The school attracts the nation's top technological students, and graduates are peppered throughout the country's leading companies and scientific ministries. "A lot of the VCs and most of the entrepreneurs have come out of here," said Tsinghua graduate Gavin Ni, CEO of Zero-2-IPO, an investor information service.
The Chinese government also uses the university's labs to come up with standards for high-definition TV, security monitoring, and wireless communication. The China Grid, a massive grid that connects all of China's university supercomputers? It's in the basement of Tsinghua's engineering building.
The U.S. connections to Tsinghua are strong. Originally a preparatory school for Chinese graduate students intending to study at American universities, the school was founded in 1911 out of reparations paid by China to the U.S. after the Boxer Rebellion. Hewlett-Packard opened its first university lab there earlier this year, and exchange programs exist with most major U.S. campuses and companies. Tsinghua also has its own agent in the U.S.
Hsinchu Science Park. Pronounced Sin Shoe, this industrial park south of Taipei, Taiwan, is filled with ivory-colored, nondescript buildings, but it's where engineers and executives figure out how to manufacture a huge portion of the world's chips, notebooks, printers, scanners, LCD TVs, and other equipment. Residents include chipmakers Taiwan Semiconductor Manufacturing and United Microelectronics, consumer electronics specialist Hon Hai, notebooks maker Quanta, and display maker AU Optotronics.
Although many companies based here have opened factories in the People's Republic of China, Taiwan remains the place where the logistics are concocted and a lot of stuff gets manufactured. Nearly 120,000 people work there. Revenue from the industrial park in the first eight months of the year has come to $22 billion, according to the Taipei Times. Every time there's an earthquake in the geologically volatile region, the entire electronics world shakes.
The PC Baangs in Seoul. Following the 1997 Asian monetary crisis, the South Korean government launched an ambitious plan to build the world's most robust broadband network.
The result? South Korea is now a world center for broadband consultants, wireless phone applications, and online games played around the clock at Internet cafes, or baangs. It was also a testing ground for blogs and social networks. Many of these products and concepts have migrated to China and other neighbors. Entering Western markets directly has been tough for many South Korean firms, although a lot of their ideas have percolated over.
A design studio in Japan. Japan has been riding a crest for the last few years on the strength of two products: flat-panel TVs and digital cameras. Although the products often get manufactured in China, the engineering and design take place in Japan, which remains third in spending in research and development.

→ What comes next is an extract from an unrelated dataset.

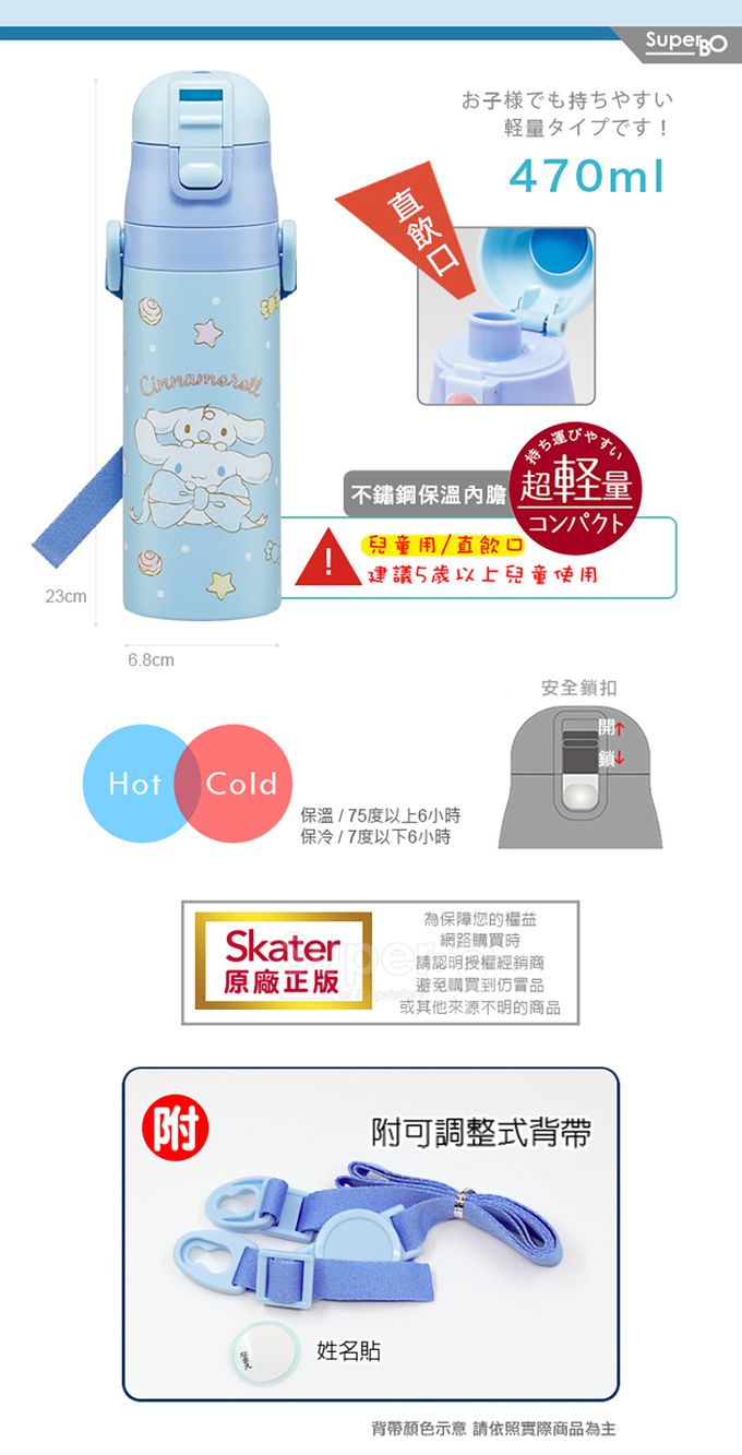 注意事項:● 雙層真空不鏽鋼容器,皆具有保冷保溫功能,為避免燙口,燙傷或其他不當使用等意外,故包裝僅標示 保冷專用。 ● 此為『直飲式水壺』,不適合5歲以下幼童使用,請評估有能力使用再購買。

But Japan also markets aesthetics, which can be seen in anime and household appliances. In the future, expect to see Panasonic and other consumer-appliance makers bring to the U.S. the small, intricate, energy-efficient appliances found in Japanese homes. Also look for security systems and intercoms that feed into the TV and cell phone. In the realm of clean-energy alternatives, Sharp and Kyocera--best known for consumer electronics--also remain two of the biggest solar companies globally.